Это было ужасающее зрелище смерти, но я не мог, не смел не смотреть на то, чему стал причиной. Где-то, в глубине себя, мне очень хотелось, чтобы меня кто-то, в это время, окликнул или, даже, оттянул за руку, чтобы хоть что-то ускользнуло от моей совести. Но нет... Я испил эту чёрную чашу, холодящего жилы зелья, до дна.

Будто весь, этот, только что радостный, мир, – померк и обесцветился. И дружки мои стали вдруг более чуждыми мне и непонятными с их продолжавшимися восторгами по поводу ещё одной кем-то сбитой птички.

Что же я наделал по своему недомыслию. И ничего назад не вернёшь, хотя, как мне теперь стало казаться, не было ничего проще, чем не участвовать в этом.

Наверное дружки мои не были в своём большинстве бессердечными, раз разглядели во мне нечто отрезвившее и их, раз они одёрнули, начавшего было пренебрежительно рассуждать и ёрничать, Серёжку.
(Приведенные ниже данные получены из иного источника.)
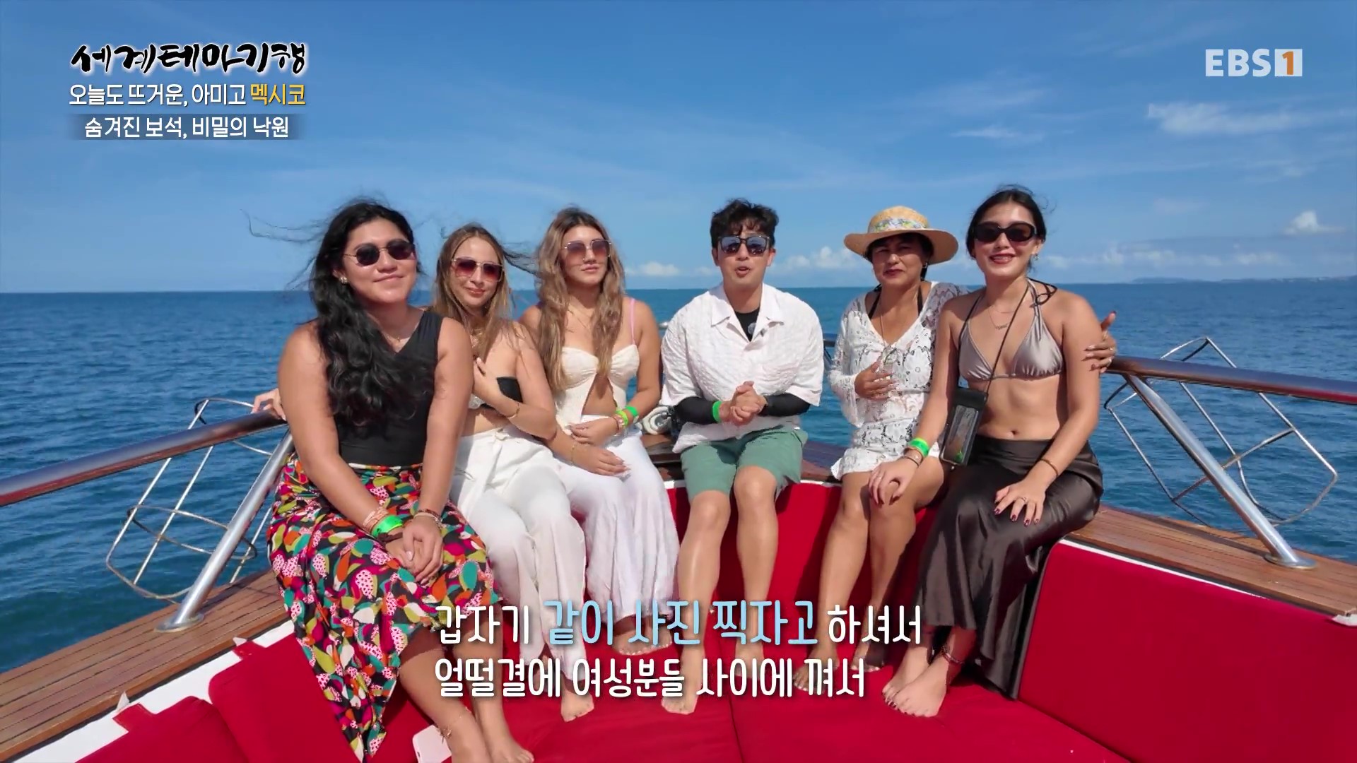 푸에르토 바야르타는 태평양 연안의 휴양도시로 거리에는 예술가들이 각종 공연을 합니다. 배를 타고 비밀의 장소로 갑니다. 진행자는 아리따운 여성들 사이에 끼어 기념사진을 찍습니다. 순간 바다거북이 두 마리가 나타나 유유히 헤엄칩니다. 거북이가 사라지자 이번에는 돌고래 두 마리가 등장합니다.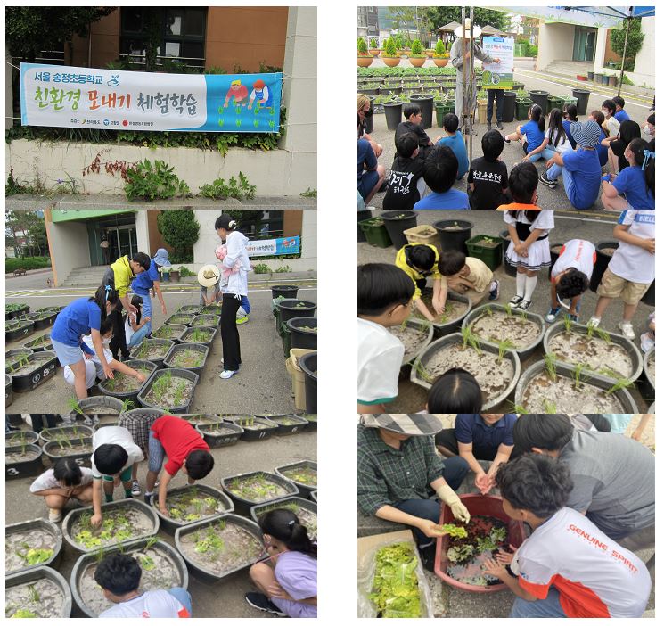 6월 2일(금) 서울송정초등학교(교장 한광현)에서는 4학년 학생들이 정문 쪽 텃논에서 우렁이와 함께 친환경 농법으로 모내기 체험을 했습니다. 전라남도 고창군에서 오신 농부님들의 도움으로 직접 고무상자에 모를 심어보는 활동으로 농부들의 삶을 조금이나마 체험해보는 뜻 깊은 시간이었습니다.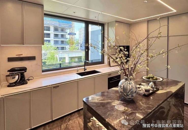 8、不仅是金钱上的奢侈,更是时间广度的奢侈。比如,整个下沉式庭院材料选用土耳其进口老虎玉,由匠人耗时60天手工打磨定制,可见海上·清和玺对业主归家仪式感设计的用心与苛求。海派光厅之外的归家迎宾树木更是由设计师辗转多个城市才寻到的、树龄超60年的福木“紫薇”。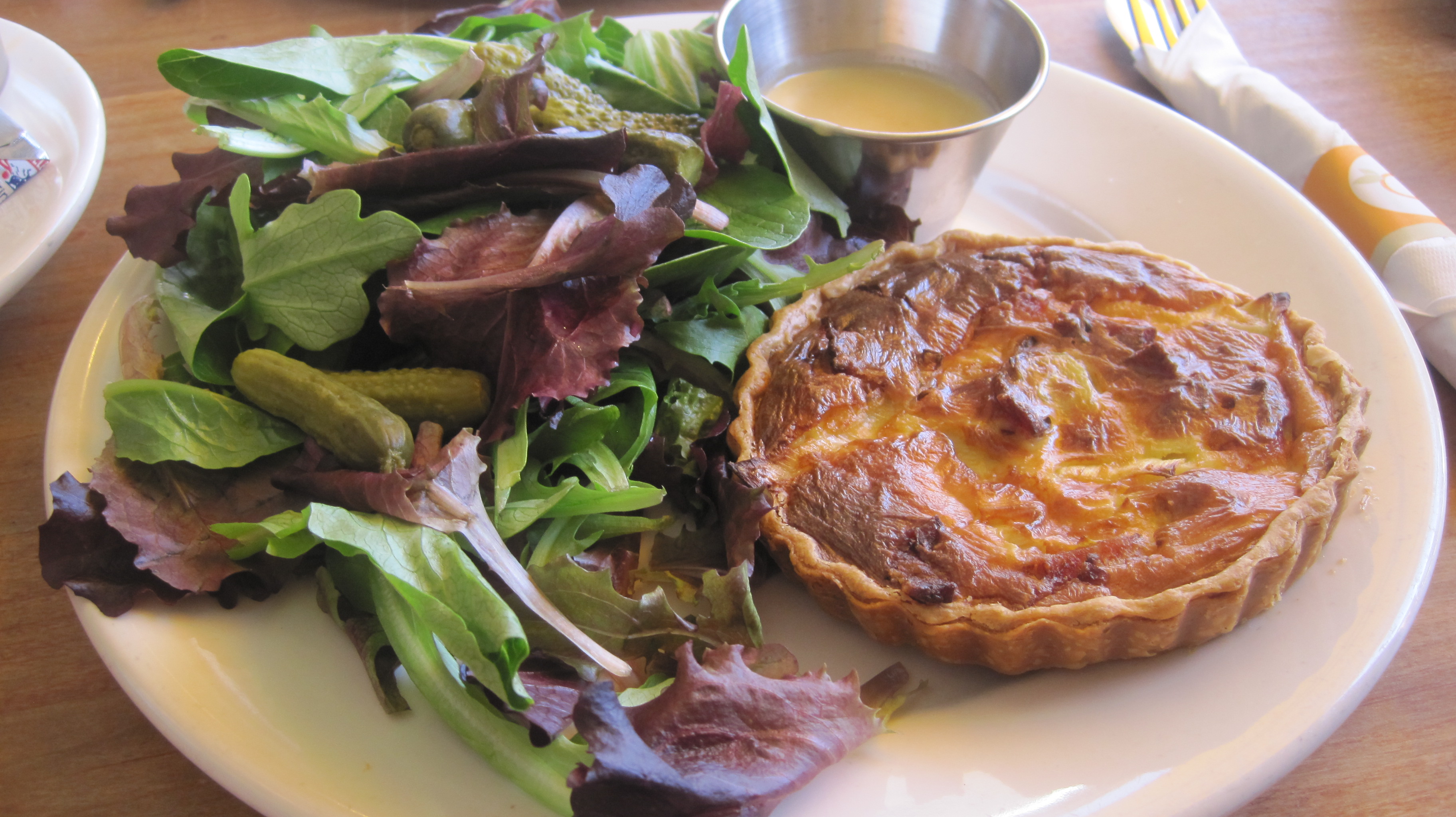 I had the bacon and leek quiche with a side salad. It was very good. I also had an ice tea and we ordered hot buttermilk bisects.

А Вовка заключил: “Ну вот, порезвились” так, что наверное не только мне стало ещё раз очень и очень стыдно и неприятно, что оказалось: способен на то, что навряд ли кому-нибудь потом расскажешь.

Лучше бы она кричала. Быть может этот, первый, крик, после Витькиной полуудачи меня бы остановил... Да что же это за существо такое, что способно во весь голос только воспевать радость свежего утра, яркость красок дня, буйство летней зелени, уют своего гнёздышка, многообещающий писк несмышлёного птенца, восторг встречи супругов, после краткого разлучения в поисках пищи. Вот и ещё одна птичка смолкнет, кроме убитой мною, просто так...

2008г.


Рассмотрение (Если есть, то загружается из оглавления)




Оглавление справки не загрузжено


Контент справки не загружен


(хостер не загрузился) \ Затерянный мир 13-31 \ ...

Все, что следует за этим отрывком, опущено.